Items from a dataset
★ ★ ★ ★ ★ ★ ★

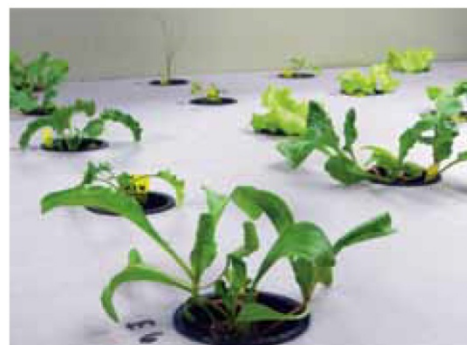
Some of the plants selected for growing and extracting nutrients at temperatures experienced in salmon hatcheries.

most appropriate systems, based on water quality, nutrient loading, flow and discharge characteristics, nutrient concentrations and bioavailability, temperature, light, space availability, plant candidate specific growth and absorption requirements and economic viability and markets. The analyses indicate that recirculating hatcheries are more valuable candidates for FIMTA systems than conventional flow-through hatcheries.
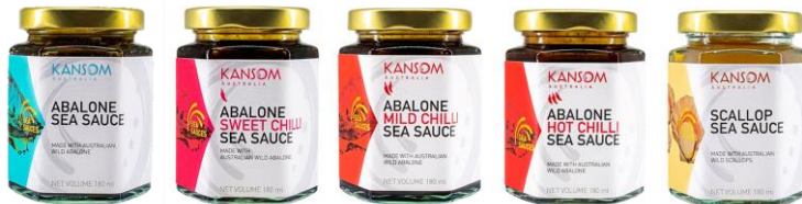
Abalone Sea Sauce Abalone Sweet Chilli Sea Sauce Abalone Mild Chilli Sea Sauce Abalone Hot Chilli Sea Sauce Scallop Sea Sauce
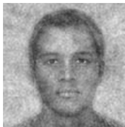
White Group-Level CI
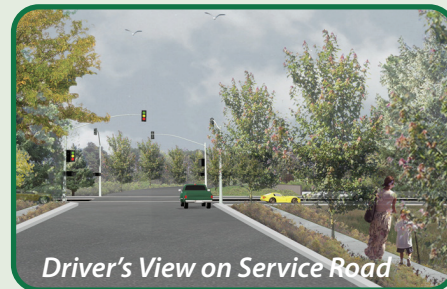
Driver's View on Service Road

Ciociaro Club, Salons A & B 3745 North Talbot Rd, Tecumseh
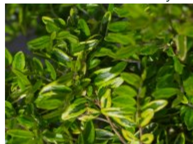
L. nitida 'Lemon Beauty'
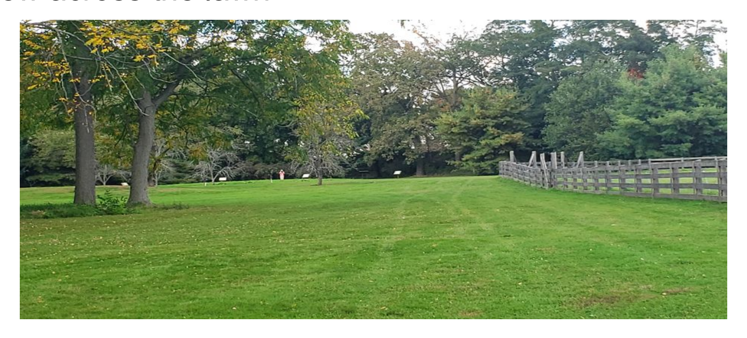
View of the green lawn with two panels in the background
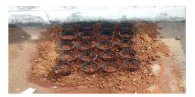
Fig -5 Sowing seeds for deep water culture

This filled medium used for initial grow for seed for saplings. After that expanded polystyrene used as a bed for hydroponics. On this expanded polystyrene bed holes are made to place the net pots with saplings. During this placing process filled materials are removed from net pots and the cleared plant with roots are placed.
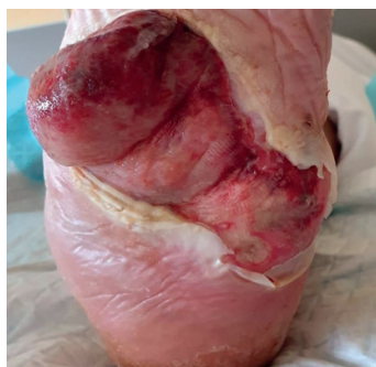
Fig 1. Wound prior to tissue mass removal
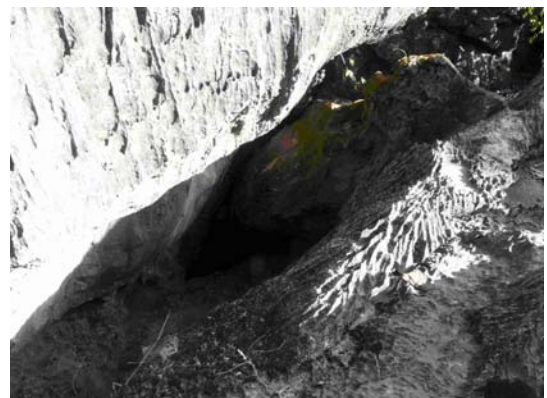
The vertical entrance to CH532

★ ★ ★ ★ ★ ★ ★

> [WHAT TO DO]
In the copy, keep every line of the data above exactly and drop each picture.

> [YOUR SOLUTION]
Some of the plants selected for growing and extracting nutrients at temperatures experienced in salmon hatcheries.

most appropriate systems, based on water quality, nutrient loading, flow and discharge characteristics, nutrient concentrations and bioavailability, temperature, light, space availability, plant candidate specific growth and absorption requirements and economic viability and markets. The analyses indicate that recirculating hatcheries are more valuable candidates for FIMTA systems than conventional flow-through hatcheries.
Abalone Sea Sauce Abalone Sweet Chilli Sea Sauce Abalone Mild Chilli Sea Sauce Abalone Hot Chilli Sea Sauce Scallop Sea Sauce
White Group-Level CI
Driver's View on Service Road

Ciociaro Club, Salons A & B 3745 North Talbot Rd, Tecumseh
L. nitida 'Lemon Beauty'
View of the green lawn with two panels in the background
Fig -5 Sowing seeds for deep water culture

This filled medium used for initial grow for seed for saplings. After that expanded polystyrene used as a bed for hydroponics. On this expanded polystyrene bed holes are made to place the net pots with saplings. During this placing process filled materials are removed from net pots and the cleared plant with roots are placed.
Fig 1. Wound prior to tissue mass removal
The vertical entrance to CH532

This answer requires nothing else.